The FRA has released an app called Rail Crossing Locator for iPhones and iPads. It provides information on 200,000 grade crossing in the US. Could be handy for basic info when an Amtrak grade crossing accident is in the news. Looked and it is available in the iTunes store. Free of course. Have not tried it out yet. Interesting and different app for the iPhone. Angry Birds will still have a lot more downloads.

The text of the FRA press release:



> *Federal Railroad Administration Launches New Smartphone App to Raise Awareness of Highway-Rail Grade Crossings*
> 
> WASHINGTON – The Federal Railroad Administration (FRA) today announced the launch of an iOS smartphone mobile application, the Rail Crossing Locator, which provides the public with easy access to safety information about the nation’s more than 200,000 highway-rail grade crossings.
> 
> ...


----------



## afigg (Jun 20, 2013)

Installed the Rail Crossing Locator on my iPhone and iPad. It is a dual iPhone and iPad app, BTW, so there is a full screen display on the iPad. The app shows all rail grade crossings in 3 colors, for at-grade and then seperated rail above or below crossing. Have not found a way to turn off the display of the seperated grade crossings so only at the at-grade crossings are shown because the map gets very cluttered showing every single crossing, public, private, seperated, at-grade, etc.

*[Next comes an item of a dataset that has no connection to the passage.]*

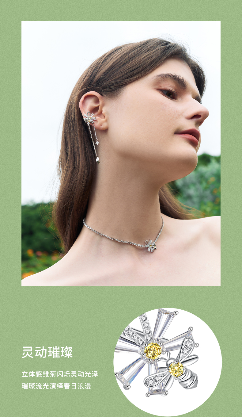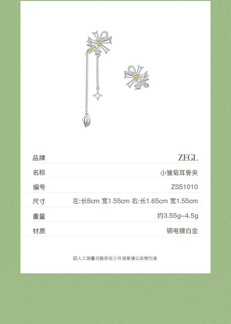 ZEGL设计师雏夏系列小雏菊蜜蜂耳环耳夹无耳洞女新款耳骨夹耳饰品

Still, this is an interesting way to see where the active tracks are and just how many grade crossings there are on a route.


----------



## the_traveler (Jun 20, 2013)

I just downloaded this app.

Without looking too far, I see a number of errors. Some include missing crossings - including one on Route 138 at the KIN station, which is above grade and has been in place for 70+ years! Other errors include at grade crossings on the NEC in RI. All at grade crossings in RI on the NEC have either been eliminated (the road severed into 2 dead end roads) or have been grade separated. This happened over 10 years ago.


----------